Молекулярная биология

Молекулярная биология / м ə л ɛ к J ʊ л ər / является отраслью биологии , что касается молекулярной основы биологической активности внутри и между клетками , в том числе молекулярно - синтезе, модификации, механизмов и взаимодействий. [1] [2] центральная догма молекулярной биологии описывает способ , в котором ДНК транскрибируется в РНК, а затем транслируется в белок. [2] [3]

Уильям Эстбери описал молекулярную биологию в 1961 году в журнале Nature следующим образом:

... не столько техника, сколько подход, подход с точки зрения так называемых фундаментальных наук с ведущей идеей поиска под крупномасштабными проявлениями классической биологии соответствующего молекулярного плана. Это особенно касается форм биологических молекул и [...] преимущественно трехмерно и структурно, что, однако, не означает, что это просто уточнение морфологии. Он должен одновременно исследовать происхождение и функцию. [4]

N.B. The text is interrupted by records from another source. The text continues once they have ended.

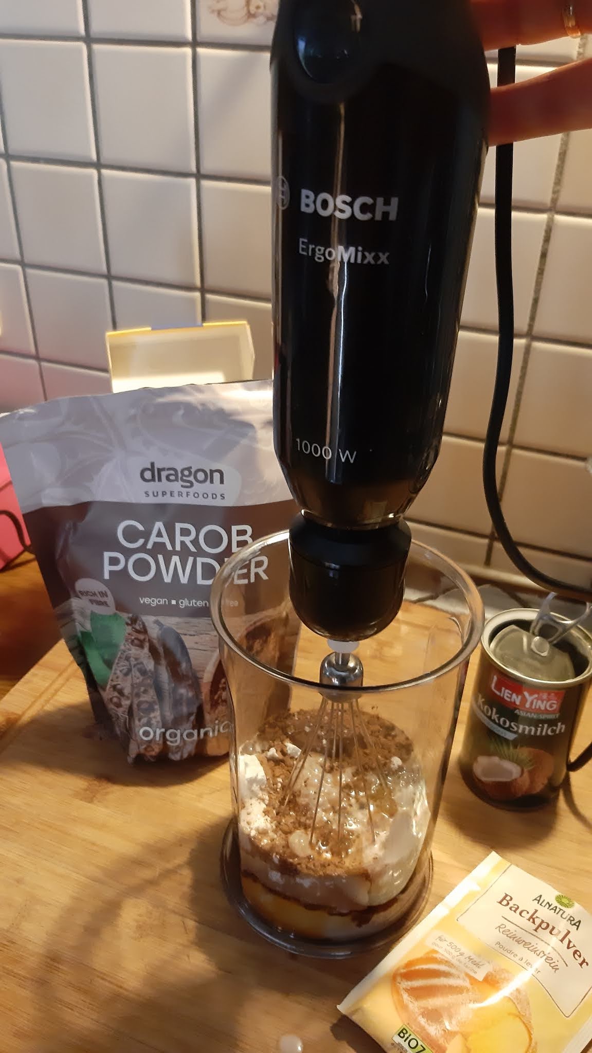- Слагам всички продукти в купата към уреда и разбивам за кратко с накрайника за миксер.
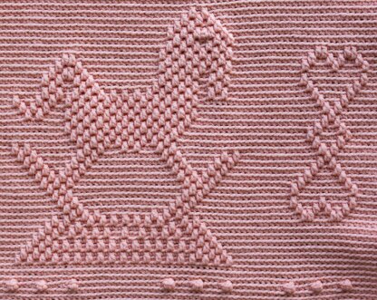 Rocking Horses on Parade. Adorable rocking horses all lined up in a row! Made from just easy single and double crochet stitches. Work your sc in back lp of st. Work your dc in front lp of st 2 rows below, which forms the design. Instructions are given to make a 47" x 35" child-size version using worsted weight yarn and a 41 3/4" x 31" baby-size version using sport weight yarn. Graph and written instructions included. See our website for a how-to video tutorial showing how easy this stitch technique is to do.
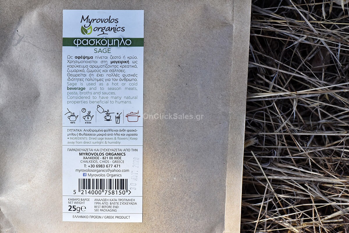 Βότανα Βιολογικό Φασκόμηλο Myrovolos Organics 25γρ
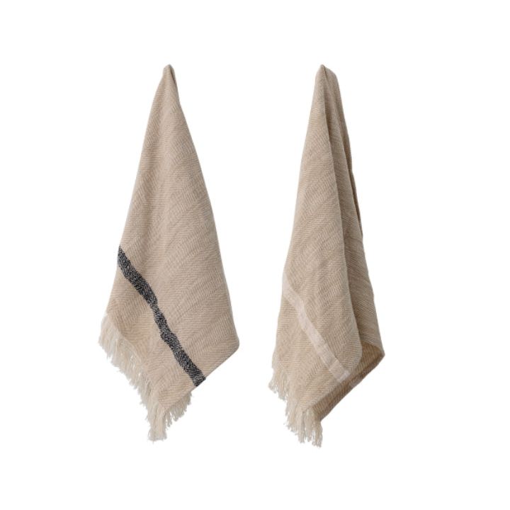 These tea towels are the perfect items for any style of kitchen. They are beautiful neutral colors to match any type of decor, and have unique fringe detailing for an extra flair. They are perfect for cleaning up messes, or simply just for decoration. They come in a set of 2.
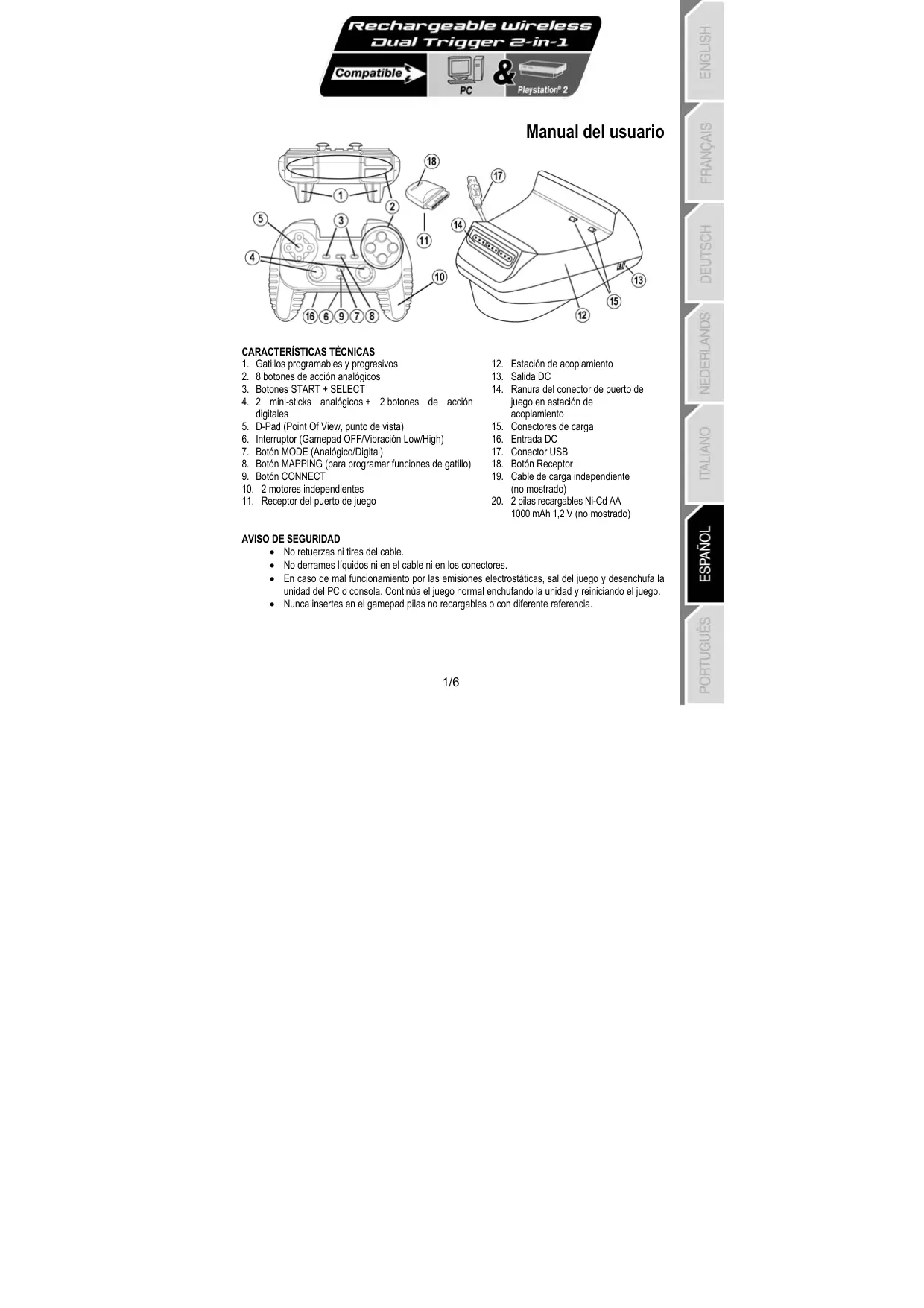 • Interruptor (6): - Posición OFF = el gamepad está apagado. - Posición VIB LOW = el gamepad está encendido, el modo de vibración está bajo (ahorra energía de las pilas). - Posición VIB HIGH = el gamepad está encendido, el modo de vibración está alto (utiliza más energía de las pilas). • Botón MODE (7): pulsa este botón para cambiar entre modos. - Modo analógico (por defecto): el botón MODE (7) se ilumina en azul. - Modo digital: el botón MODE (7) no está encendido. • Botón CONNECT (9): pulsa este botón para cambiar entre modos. - LED “Connect” está parpadeando rápidamente = no hay señal entre el gamepad y el receptor (no conectado). - LED “Connect” está iluminado = señal fuerte entre el gamepad y el receptor. - LED “Connect” está apagado = el gamepad está en modo durmiente. - LED “Connect” está parpadeando lentamente = las pilas tienen poca energía (la función de vibración se desactivará para ahorrar pilas). En este caso, enchufa el adaptador de AC del gamepad para recargar las pilas. • MODO DURMIENTE: - El gamepad se apaga automáticamente cuando no se utiliza durante 5 minutos. - Para “despertarlo”, pulsa cualquier botón. • INFORMACIÓN DE INTERCAMBIO AUTOMÁTICO DE CANALES / MULTIJUGADOR: - Puedes jugar con hasta 4 Dual Trigger Gamepad. Todos los canales se detectan automáticamente. - Cuando estés jugando en modo multijugador, si quieres intercambiar los gamepad en el transcurso de un juego, pulsa simultáneamente los botones Receptor (18) y CONNECT en el gamepad. • CARGA DE LAS PILAS RECARGABLES: - Para recargar las pilas, enchufa el conector USB (17) de la estación de acoplamiento a un puerto USB de tu PC o Playstation 2. - Coloca el gamepad en la estación de acoplamiento, con cuidado de colocar los conectores de carga del gamepad sobre los conectores de carga de la estación de acoplamiento (15) para que hagan contacto. - El LED CHARGE se volverá rojo durante la carga. - Cuando las pilas estén totalmente cargadas, el LED CHARGE se volverá verde. - Nota: puedes utilizar el gamepad mientras se está cargando. Para hacerlo, conecta el cable de carga independiente (19) a la entrada DC (16) del gamepad y a la salida DC de la estación de acoplamiento (13). MAPEADO DE LOS GATILLOS Todos los botones analógicos y direcciones del mini-stick (ejes) pueden mapearse en los gatillos Izquierdo y Derecho (excepto el D-Pad y los botones START, SELECT, L3 y R3). • Botón MAPPING (8) (utilizado para mapear los gatillos Izquierdo y Derecho): - Pulsa y suelta el botón MAPPING (el LED parpadea lentamente). - Pulsa y suelta el botón o dirección que quieras asignar al gatillo (el LED parpadea rápidamente). - Pulsa y suelta el gatillo asignado a esta función (el LED se apaga). • EEPROM: Tu gamepad incluye un chip de memoria interno, que almacena tu última configuración de mapeado incluso si apagas tu gamepad.
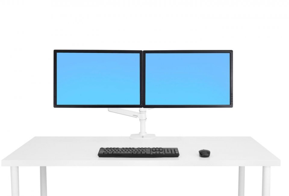 Tämä kaksinäyttöteline antaa sinulle mahdollisuuden sijoittaa kaksi näyttöä juuri haluamallasi tavalla – päällekkäin, vierekkäin tai muulla työtilaan sopivalla tavalla. Se tukee enintään 24 tuuman näyttöjä ja kestää yhteensä jopa 18,1 kg painon, mikä tekee siitä monipuolisen ratkaisun työpöydällesi.
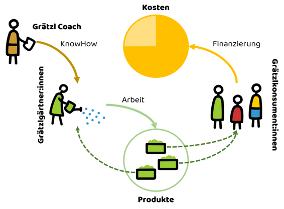 Bei einer Grätzlfarm fallen weder in der Ausbildung, noch später im eigenen Gemeinschaftsgarten Kosten für die Arbeit an. Die Arbeit wird von Mitgliedern geleistet. Die Betriebskosten werden von Fördermitgliedern finanziert.
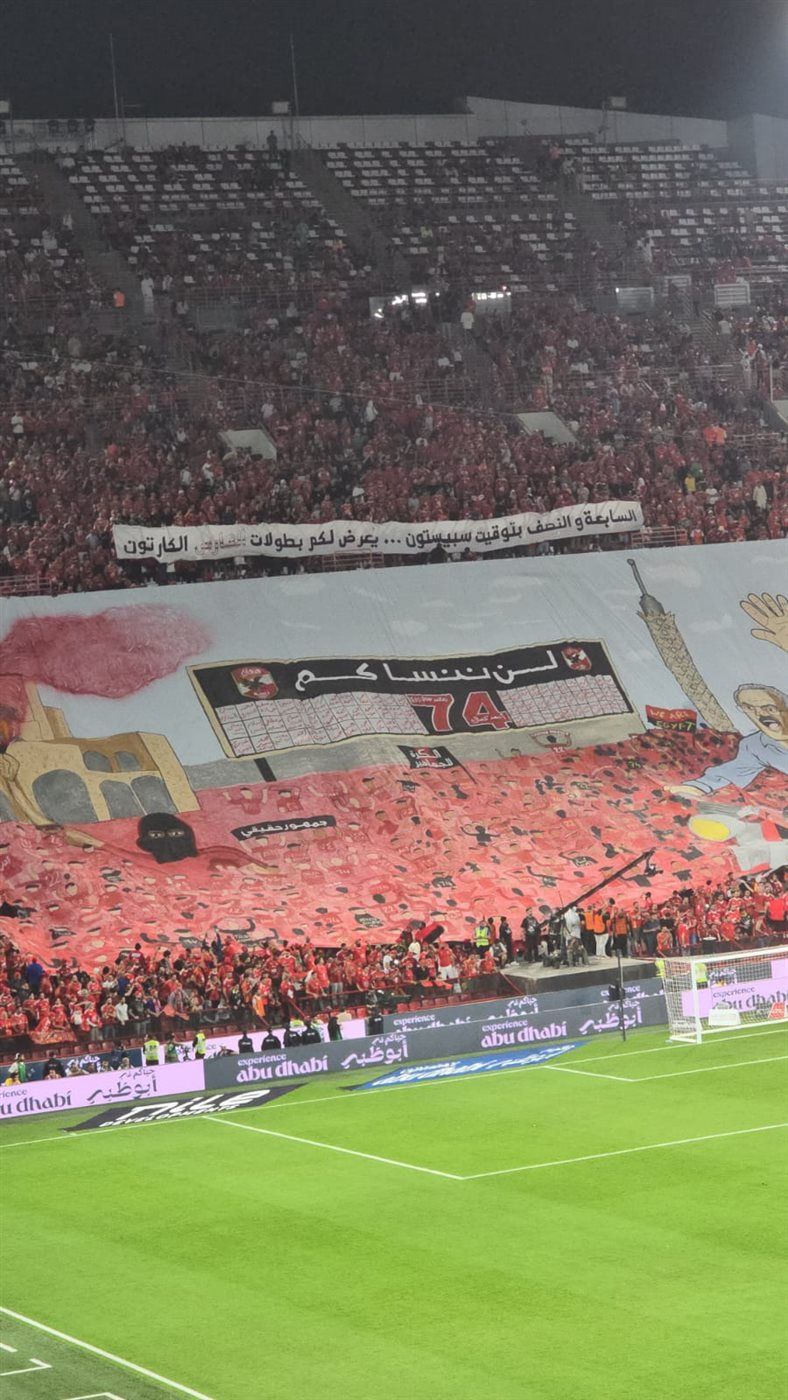 في المقابل نظم جمهور الأهلي دخلة تخلد شهداء الأهلي الـ74 ، وكتبت عليها : بشغفهم بدأت الحكاية.. وبتضحياتهم كُتب التاريخ.
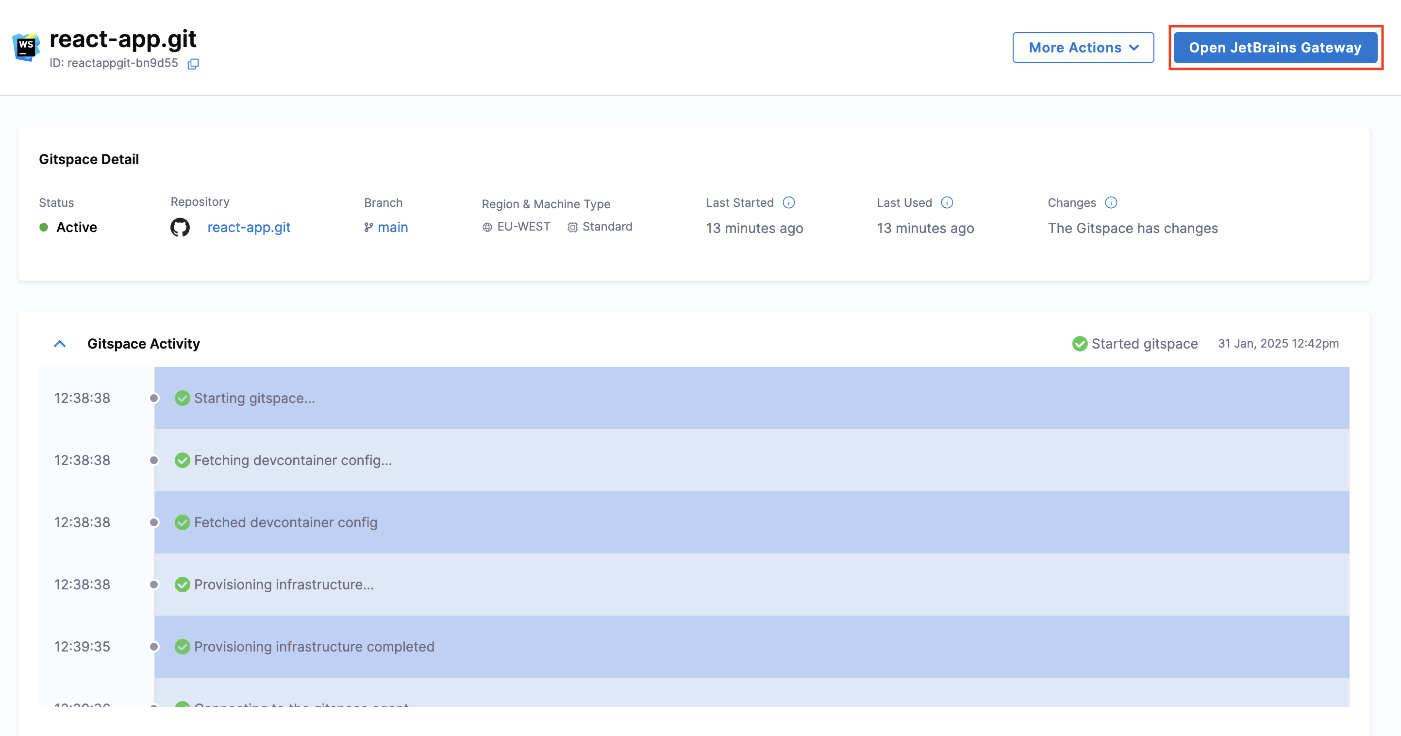 - Once the Gitspace is created and running, click on the "Open JetBrains Gateway" button.
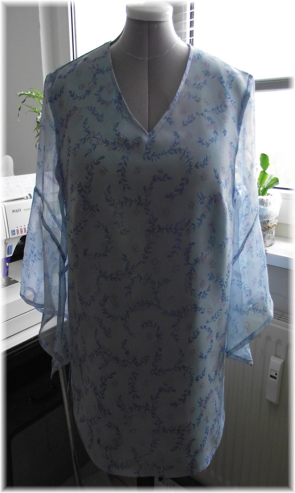 Aber hier ist nun meine Tunika aus hellblauen Chiffon und Saite.
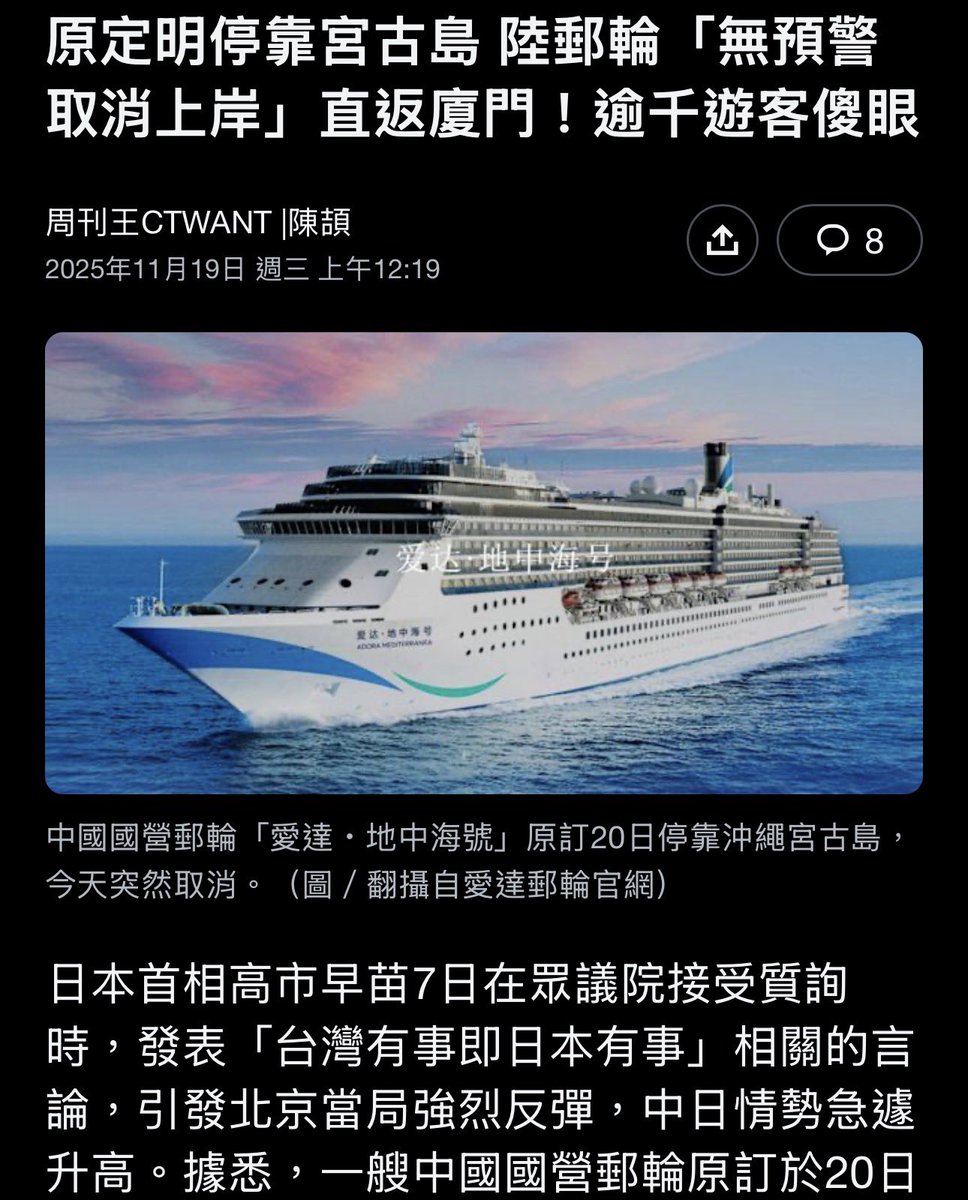 中日外交衝突,中共把民眾當出氣筒。有中國網民抱怨「黨已幫你取消赴日機票」。更倒霉的是兩千多人乘郵輪從廈門飄洋過海到了日本港口,黨下令不得上岸,全員返回。

Некоторые клинические исследования и медицинские методы лечения, основанные на молекулярной биологии, охватываются генной терапией, тогда как использование молекулярной биологии или молекулярной клеточной биологии в медицине теперь называется молекулярной медициной . Молекулярная биология также играет важную роль в понимании образований, действий и регуляций различных частей клеток, которые можно использовать для эффективного нацеливания новых лекарств , диагностики заболеваний и понимания физиологии клетки. [5]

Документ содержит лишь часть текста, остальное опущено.